Can you share more? I'm with OpenRouter and we would love to address this! We don't see this in our own testing, I don't believe -- but will share this feedback and dig in.
Just try. In a case last week it was ~3x and I tried multiple providers: deepseek, gmicloud/fp8, novita/fp8, and another one I can't remember. It was a large job where at least 2/3rds of the start of the prompts was exactly the same (literally a static string).
Then I read somewhere (I think X) that OpenRouter adds stuff and breaks caching (telemetry? headers? can't remember). So I stopped the job, switched to actual DeepSeek provider, and voilá, caching 3x more tokens per request (on average).
Can you share more? I'm with OpenRouter and we would love to address this! We don't see this in our own testing, I don't believe -- but will share this feedback and dig in.
Here is some data from my experience using both deepseek v4 flash directly, and deepseek v4 flash via openrouter.
Directly: 135M input tokens - $0.57 (134M cached)
Via OpenRouter 6M tokens - $0.81 (caching stats & inp/out not reported)
Caching is a huge win with using deepseek directly.
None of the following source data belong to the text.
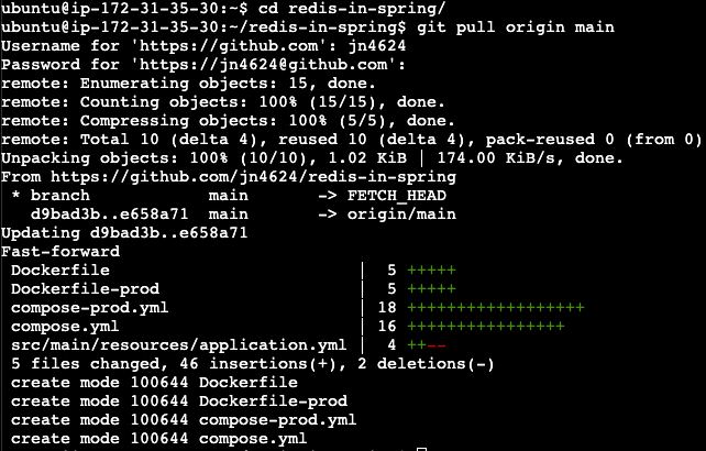 push한 설정 파일들을 EC2에 내려 받아 적용해야 하기 때문에 인스턴스에 접속해서 변경 사항을 Pull 받는다.
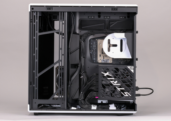 最後に電源ユニットも、ASUS製の「ROG Strix 1200W Platinum」と、ここもASUS製品で統一。このROG Strix 1200W Platinumは、80PLUS Platinum認証を受けた高品質モデルで、定格出力は1200Wを誇る。Ryzen 7 9800X3DとRTX 5090との組み合わせでも、この大出力電源であれば、十分といっていい。
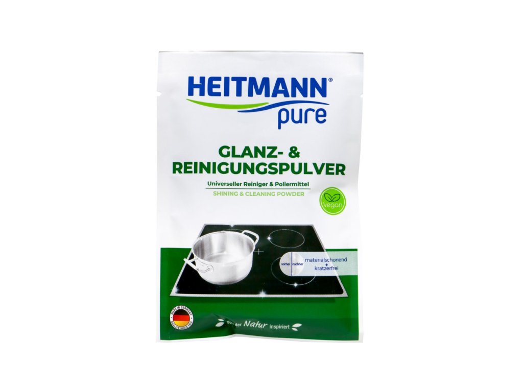 Heitmann Pure Shine je více než jen čistící prostředek. Je to leštidlo, přírodní abrazivum i šetrný čistič v jednom. Poradí si s připáleninami na hrncích, s usazeninami v koupelně i s matným povrchem nerezové konvice. Stačí jen malé množství prášku a vlhký hadřík či houbička – žádná složitá příprava, žádné kompromisy.

Just try. In a case last week it was ~3x and I tried multiple providers: deepseek, gmicloud/fp8, novita/fp8, and another one I can't remember. It was a large job where at least 2/3rds of the start of the prompts was exactly the same (literally a static string).
Then I read somewhere (I think X) that OpenRouter adds stuff and breaks caching (telemetry? headers? can't remember). So I stopped the job, switched to actual DeepSeek provider, and voilá, caching 3x more tokens per request (on average).
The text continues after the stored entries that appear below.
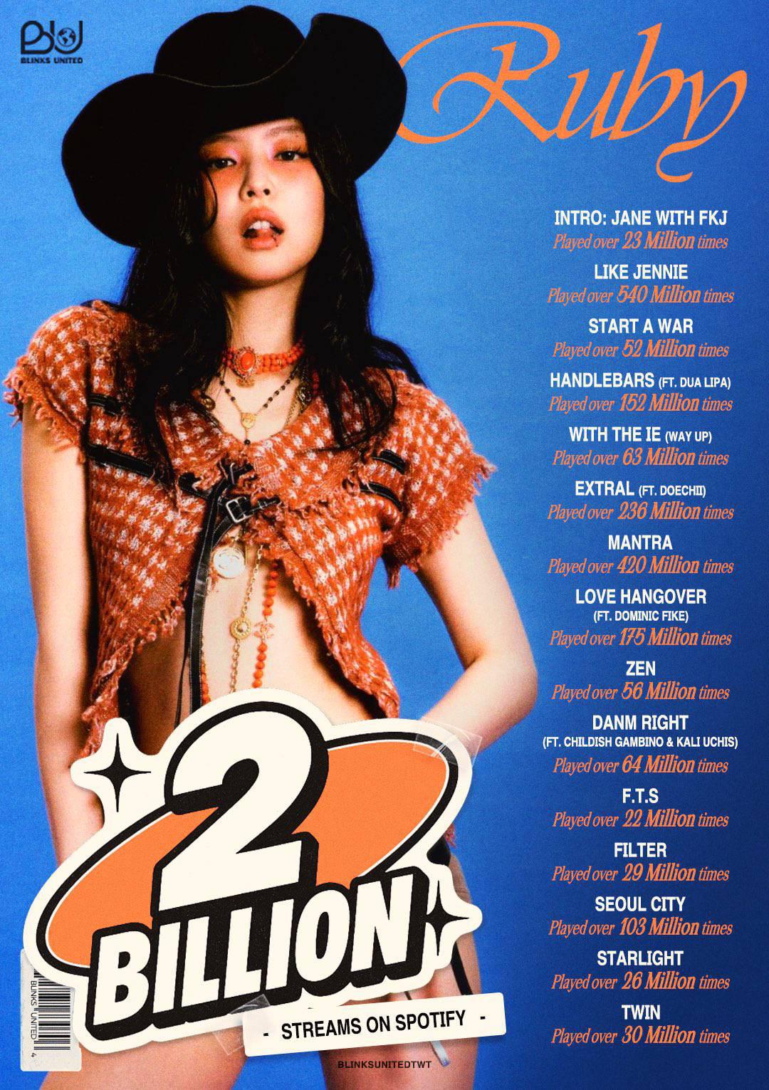 อัลบั้ม “Ruby” ของเจนนี่มียอดสตรีมบน Spotify ทะลุ 2 พันล้านครั้ง กลายเป็นอัลบั้มแรกของศิลปิน K-POP ที่ทำได้ในปีนี้ 🥳
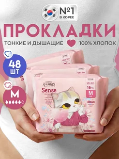 Прокладки женские гигиенические с крылышками корея M 48 шт
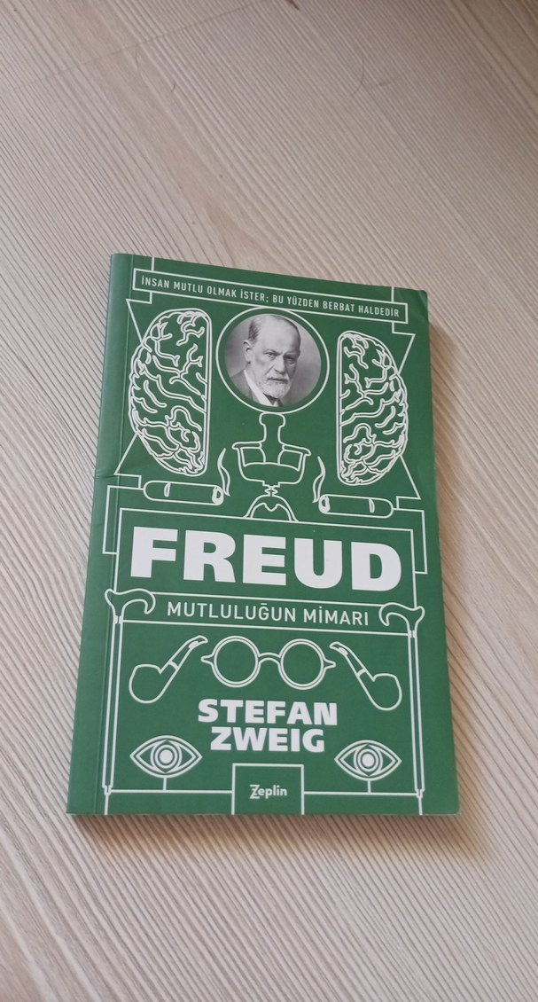 Stefan Zweig'in yazdığı "Freud Mutluluğun Mimarı" kitabı, mutluluk ve psikoloji üzerine derinlemesine bir inceleme sunuyor. Yeşil kapak, Freud'un fotoğrafı ve beyin temalı çizimlerle dikkat çekiyor.

> switched to actual DeepSeek provider
I meant actual DeepSeek API.
I am experiencing this using Opencode. Caching works fine via Deepseek API but not so good via Openrouter
Yes, I definitely noticed a problem with openrouter and deepseek v4 pro. It's much more expensive.
When you say Deepseek API, you mean servers in China? Or is it a copy of the model operated and run by OpenRouter?